Il y a encore cinq feux actifs, en Californie aux États-Unis, dont deux principaux. Le feu de Pacific Palisades, qui a rayé de la carte ce quartier entier très chic au bord de l’océan Pacifique. Plus de 5 000 bâtiments ont été détruits et les dégâts sont considérables. Surtout, il est très loin d’être maîtrisé et un immense panache de fumée est visible au-dessus des collines. Les avions larguent de l’eau ou des produits chimiques pour ralentir les flammes. On les voit passer – pas très haut – au-dessus de l’immense réseau autoroutier de la ville.

À Santa Monica, Claude Budin-Juteau se souvient très distinctement du départ du feu de Palisades. « Quelqu’un a dit « tiens, il y a une volute de fumée qui vient, qui vient juste de se produire en ce moment sur les collines, là-bas ». Donc, on a appelé tout de suite les pompiers. Et effectivement, c’était le début du feu qui s’est élargi très rapidement ».
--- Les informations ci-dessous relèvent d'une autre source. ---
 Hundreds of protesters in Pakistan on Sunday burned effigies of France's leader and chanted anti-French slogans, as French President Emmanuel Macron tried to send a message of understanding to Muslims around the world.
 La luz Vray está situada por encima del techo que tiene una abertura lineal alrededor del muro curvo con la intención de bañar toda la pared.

Le feu menaçant Hollywood éteint

Sur la table de la terrasse, il y a de la cendre, et on distingue encore très nettement le panache de fumée au-dessus des collines de Los Angeles. Ce n’est donc pas encore terminé, mais Claude Budin-Juteau ne cache pas qu’il y a des moments difficiles. « J’avoue que pendant ces deux derniers jours, on a très peu dormi puisque les avertissements tombaient à toute heure du jour et de la nuit et créent beaucoup d’anxiété », explique-t-il. Le motif d’espoir, c’est que le vent est tombé ce vendredi, mais l’incendie qui a ravagé Pacific Palisades est encore loin d’être maîtrisé.
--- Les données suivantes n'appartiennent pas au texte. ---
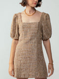 A charming mini dress crafted in sophisticated tweed fabric featuring a feminine square neckline and statement puff sleeves. The fitted silhouette is enhanced with an open back detail and structured bodice. Perfect for both daytime events and evening occasions, this dress combines vintage-inspired elements with contemporary design.
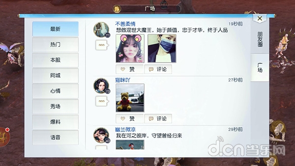 朋友很少?朋友圈很大!在朋友圈中天命者不仅可以分享游戏小心得,还可以发布招募固定团队及帮会成员。除此之外,游戏朋友圈的广场中还提供了热门、最新、综合、秀场、攻略、同服、同城等小版块,帮助天命者可以更加轻松地获得游戏热门、最新的圈内信息。
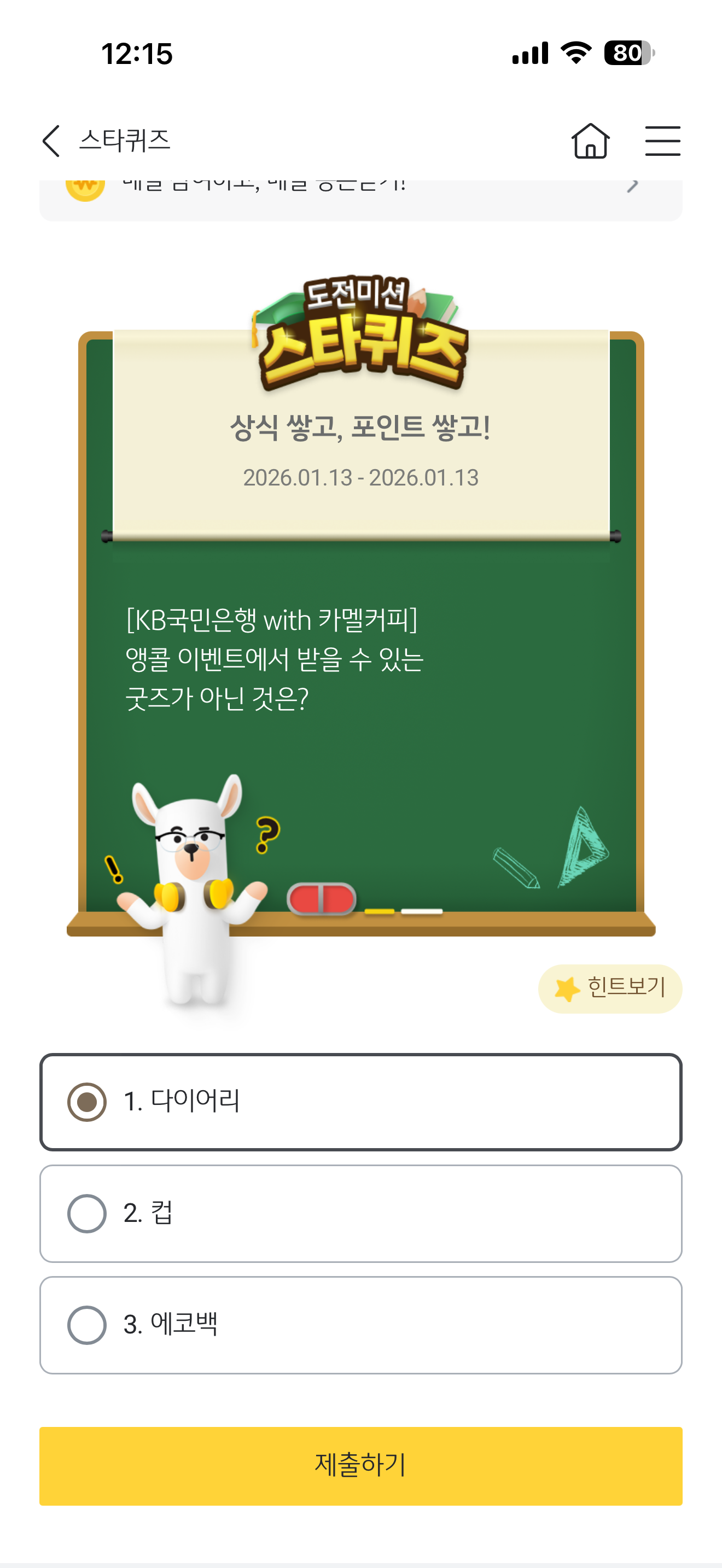 KB스타뱅킹 스타퀴즈 정답은 다이어리 입니다

L’autre feu le plus important est le feu, dit de « Eaton », au nord-est de la ville. Il a ravagé le quartier d’Altadena et menace toujours Pasadena. Plus de 7 000 bâtiments ont été endommagés. La bonne nouvelle, c’est que le feu qui menaçait directement le quartier de Hollywood est éteint. La baisse des vents facilite le travail des pompiers, mais ils éprouvent cependant toujours des difficultés.

Polémiques

Les moyens dont ils disposent continuent par ailleurs d’alimenter les polémiques. Le gouverneur de Californie Gavin Newsom, accusé par le président élu Donald Trump d’être responsable de la situation, demande une enquête sur la gestion des ressources en eau. La cheffe des pompiers de Los Angeles dit que la ville et ses responsables ont fait défaut à ses équipes, car un réservoir avait été vidé pour des travaux sans qu’elle en soit avertie. La maire démocrate de Los Angeles, Karen Bass, qui était en voyage au Ghana au début de la crise, fait face à des questions difficiles sur sa gestion de la crise et son degré de préparation.